WORK TO COMPLETE =
From the first line of the material to the line containing "result back into", inclusive, write out each line exactly, leaving out the pictures.

:: EXERCISE MATERIALS ::

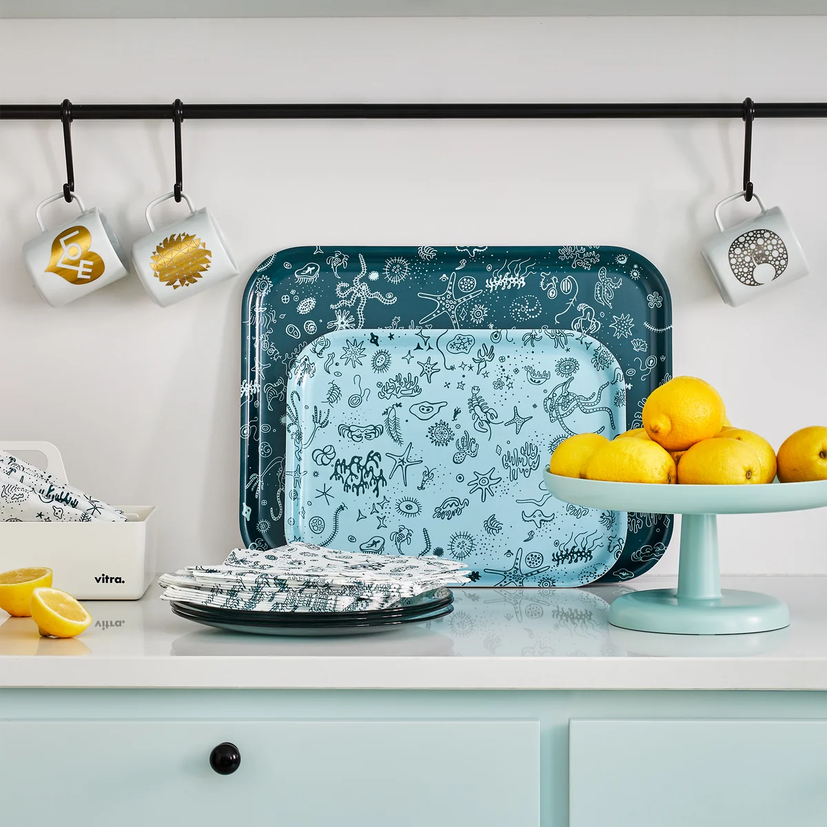 Als Textildesigner schuf Alexander Girard über 300 verschiedene Grafiken für das Möbelunternehmen Herman Miller. Ergänzend dazu, war er auch als Möbel-, Ausstellungs- und Interiordesigner erfolgreich tätig. So entwarf er unter anderem für das Restaurant La Fonda del Sol Menükarten, Servietten und Geschirr. Diese umfangreiche Welt war Ausgangspunkt für die Home Complements Kollektion, für die Vitra in Zusammenarbeit mit der Familie Girard, einige Motive ausgewählt hat, um sie auf Wohnaccessoires und Textilien zu neuem Leben zu erwecken.
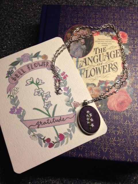 We didn’t get to visit with our Birmingham children over Christmas, but yesterday, a package arrived from our daughter. In it was a lovely “Stitches and Petals” necklace. It is a hand stitched flower on fabric mounted in a silver charm on a neck chain. It is beautiful and a card was included describing the Bell Flower as representing Gratitude.
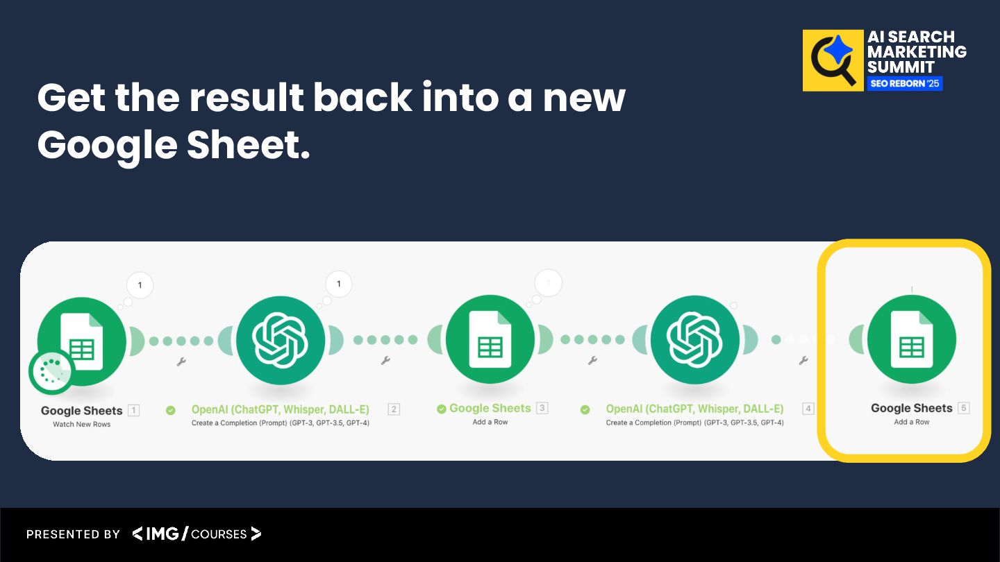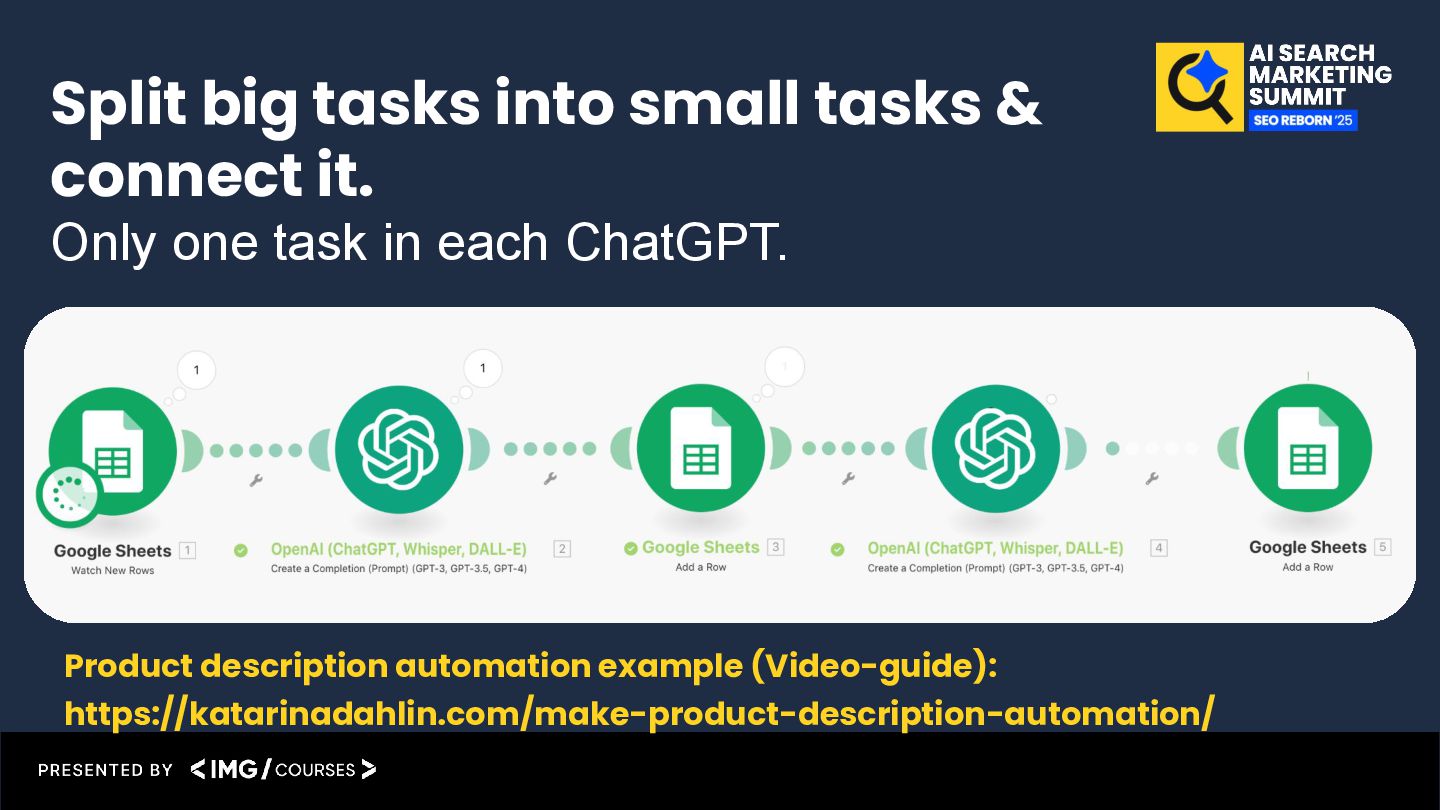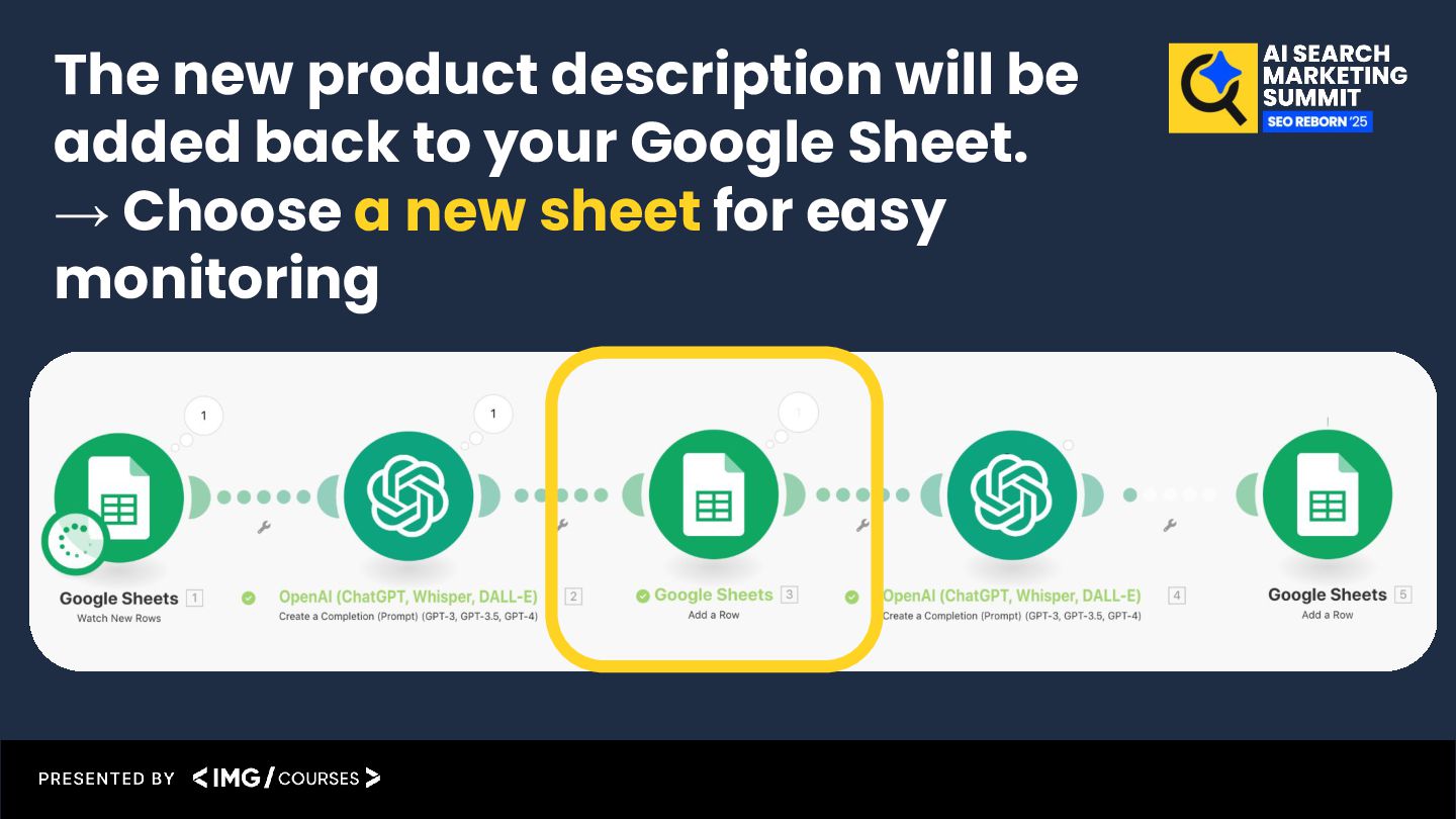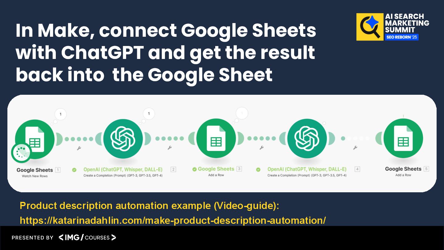 result back into the Google Sheet Product description automation example (Video-guide): https://katarinadahlin.com/make-product-description-automation/
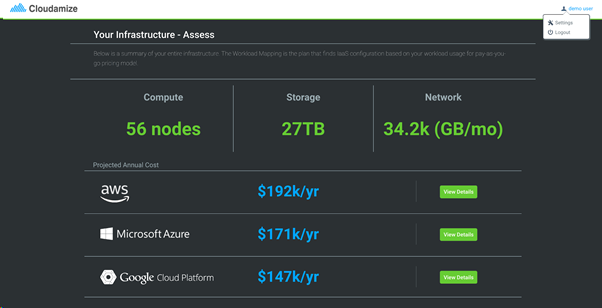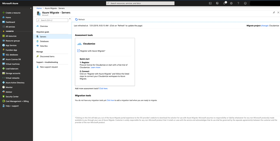 The Servers tab will display the Cloudamize Assessment tool. If it is not populating, refresh the page as the Assessment tool creation might take a few seconds.
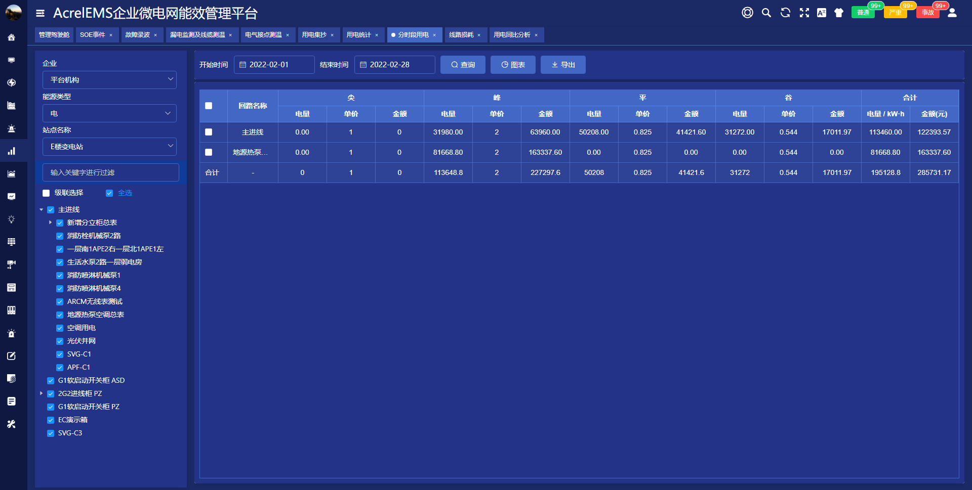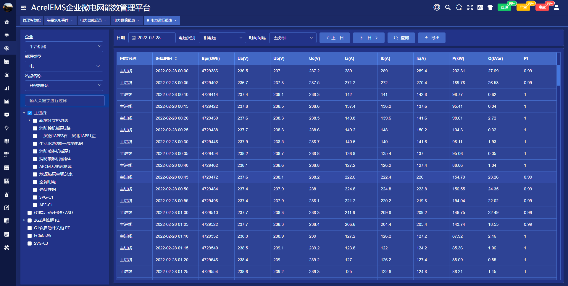 查询各回路或设备指定时间的运行参数,报表中显示电参量信息应包括:各相电流、三相电压、总功率因数、总有功功率、总无功功率、正向有功电能等.
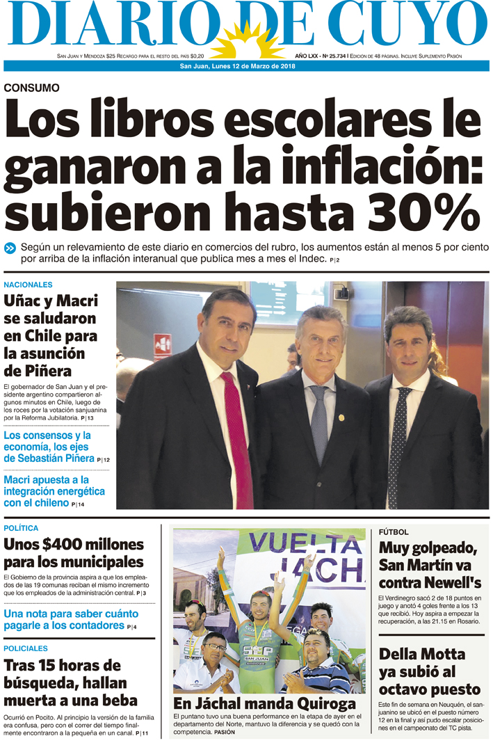 Diario de Cuyo | HOME | Noticias | Tapa Edición Tapa Edición 12 de Marzo del 2018 Por Redacción Diario de Cuyo 11/03/2018 · 0:00 Escuchar la noticia Escuchar la noticia Your browser doesn’t support HTML5 audio Tapa Edición Ver los comentarios ›

:::

TASK SOLUTION =
 Als Textildesigner schuf Alexander Girard über 300 verschiedene Grafiken für das Möbelunternehmen Herman Miller. Ergänzend dazu, war er auch als Möbel-, Ausstellungs- und Interiordesigner erfolgreich tätig. So entwarf er unter anderem für das Restaurant La Fonda del Sol Menükarten, Servietten und Geschirr. Diese umfangreiche Welt war Ausgangspunkt für die Home Complements Kollektion, für die Vitra in Zusammenarbeit mit der Familie Girard, einige Motive ausgewählt hat, um sie auf Wohnaccessoires und Textilien zu neuem Leben zu erwecken.
 We didn’t get to visit with our Birmingham children over Christmas, but yesterday, a package arrived from our daughter. In it was a lovely “Stitches and Petals” necklace. It is a hand stitched flower on fabric mounted in a silver charm on a neck chain. It is beautiful and a card was included describing the Bell Flower as representing Gratitude.
 result back into the Google Sheet Product description automation example (Video-guide): https://katarinadahlin.com/make-product-description-automation/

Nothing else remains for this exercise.